• _Assignment_:
A verbatim copy is needed of the lines below from the one containing "Fot. nr 35 (35-38)." up to and including the one containing "Guvernul a dezbătut", excluding pictures.

• _Dataset excerpts_:
=== Begin Enclosure ===
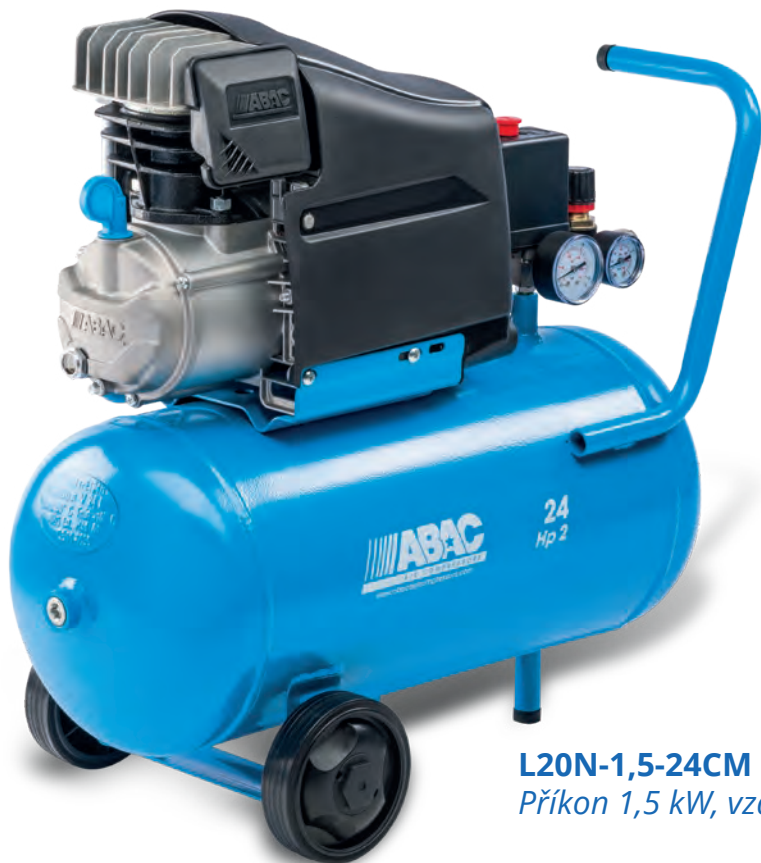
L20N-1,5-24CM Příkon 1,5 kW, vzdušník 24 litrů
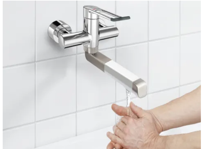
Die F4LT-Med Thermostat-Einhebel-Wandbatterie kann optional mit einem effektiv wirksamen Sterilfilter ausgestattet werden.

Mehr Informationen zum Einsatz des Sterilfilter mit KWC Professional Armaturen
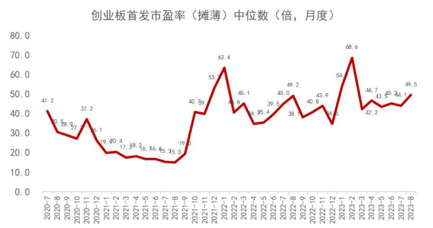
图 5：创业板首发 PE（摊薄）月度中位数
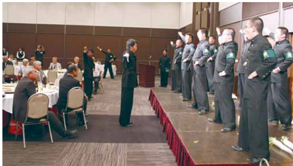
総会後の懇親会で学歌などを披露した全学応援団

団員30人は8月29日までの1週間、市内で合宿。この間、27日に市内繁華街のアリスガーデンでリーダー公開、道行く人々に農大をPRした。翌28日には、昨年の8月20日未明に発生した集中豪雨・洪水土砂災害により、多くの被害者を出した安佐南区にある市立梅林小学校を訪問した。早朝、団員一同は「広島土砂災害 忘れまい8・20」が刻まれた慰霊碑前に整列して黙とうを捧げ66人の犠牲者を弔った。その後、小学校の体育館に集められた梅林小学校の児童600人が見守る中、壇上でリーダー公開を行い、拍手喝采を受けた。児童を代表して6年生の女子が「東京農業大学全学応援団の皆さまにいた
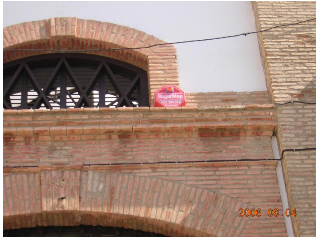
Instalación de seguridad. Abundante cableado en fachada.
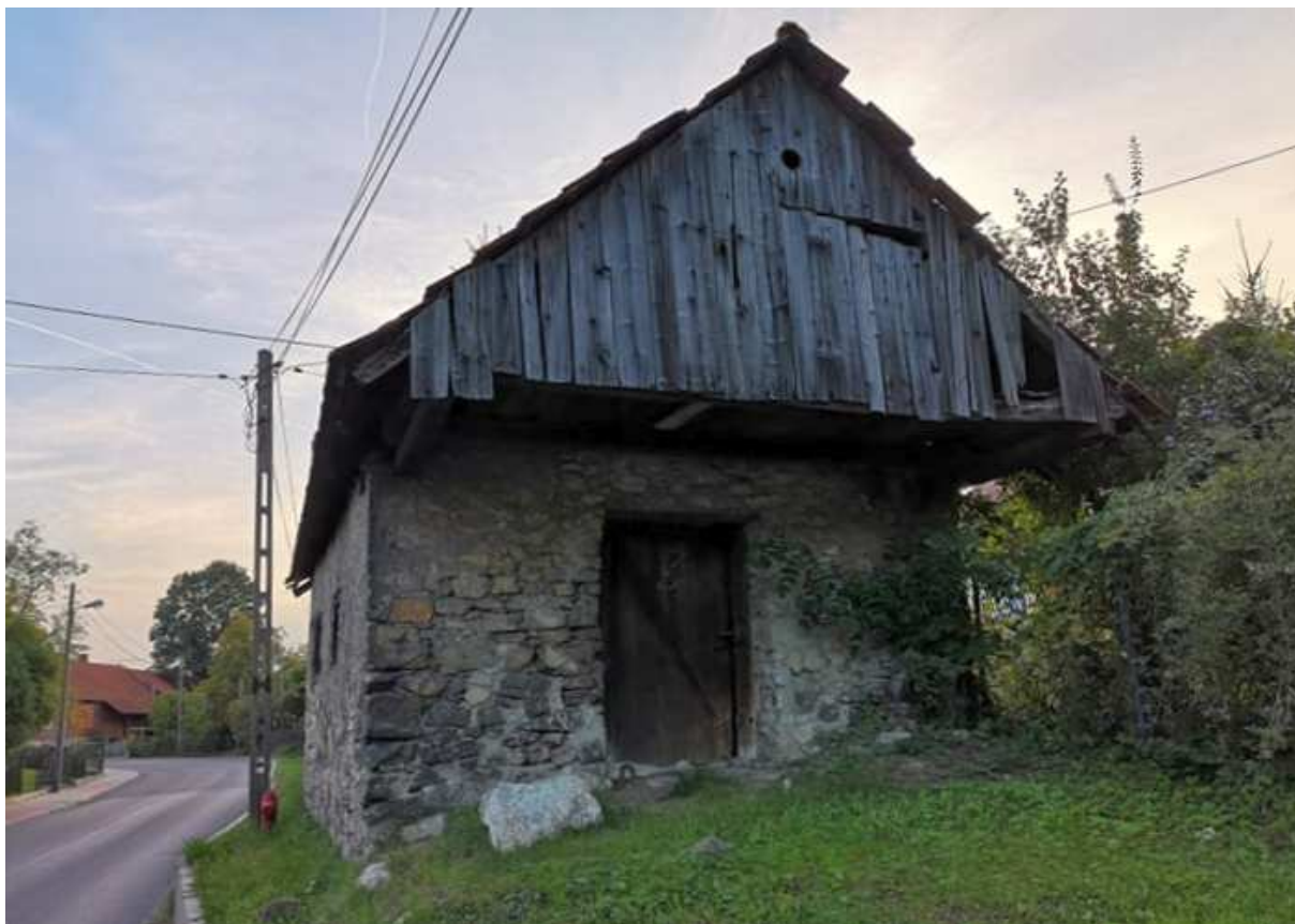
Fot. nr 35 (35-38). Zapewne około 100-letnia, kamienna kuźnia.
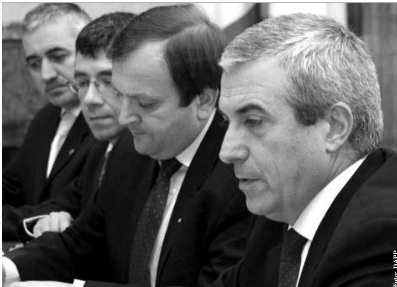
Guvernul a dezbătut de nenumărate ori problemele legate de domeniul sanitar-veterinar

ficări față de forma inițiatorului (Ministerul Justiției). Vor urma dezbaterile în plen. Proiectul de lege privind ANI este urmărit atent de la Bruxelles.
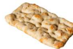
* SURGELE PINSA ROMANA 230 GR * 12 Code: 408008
=== End Enclosure ===
=== Begin Enclosure ===
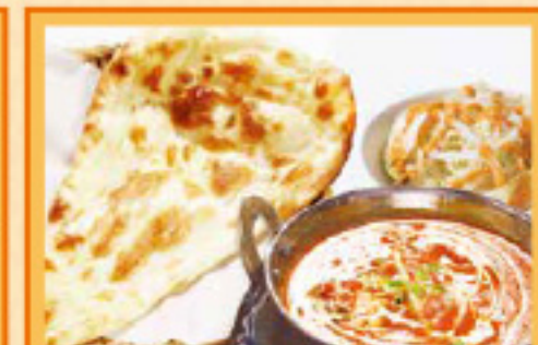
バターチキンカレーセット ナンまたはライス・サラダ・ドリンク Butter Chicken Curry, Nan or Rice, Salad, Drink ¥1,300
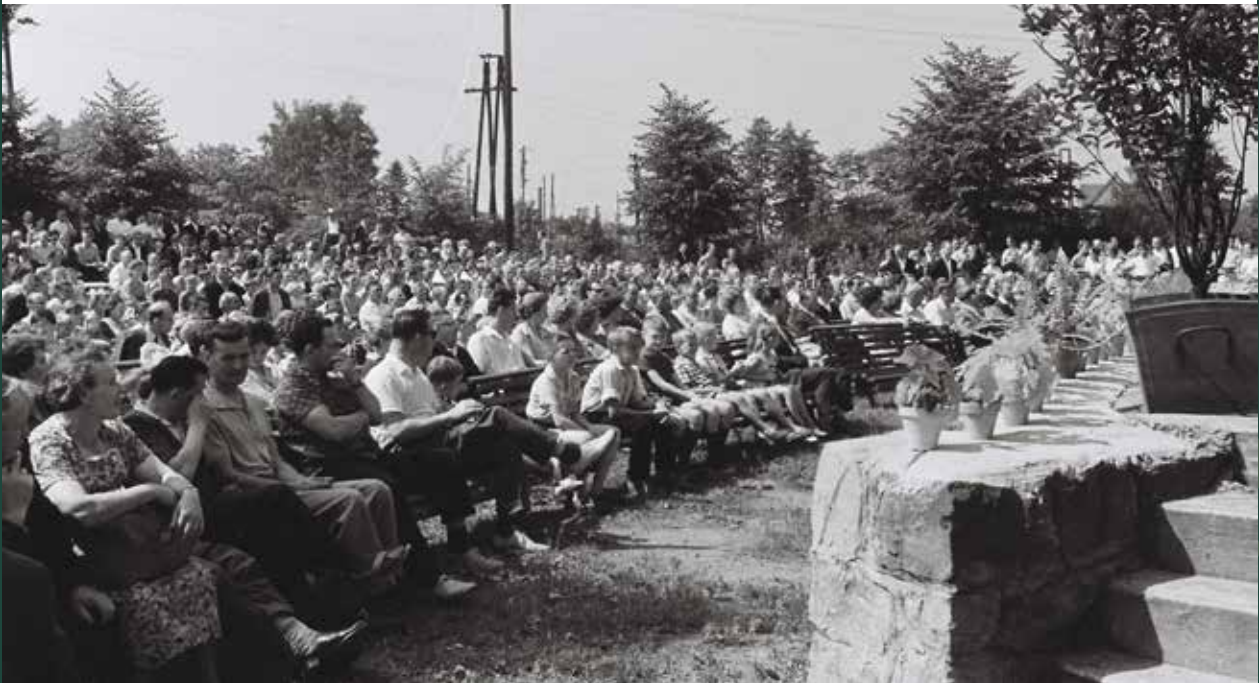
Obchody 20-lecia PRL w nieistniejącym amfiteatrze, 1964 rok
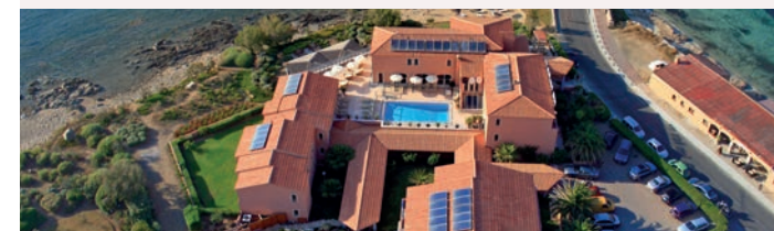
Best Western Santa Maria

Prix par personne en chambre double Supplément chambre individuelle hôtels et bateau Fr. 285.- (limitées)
=== End Enclosure ===
• _Written solution_:
Fot. nr 35 (35-38). Zapewne około 100-letnia, kamienna kuźnia.
Guvernul a dezbătut de nenumărate ori problemele legate de domeniul sanitar-veterinar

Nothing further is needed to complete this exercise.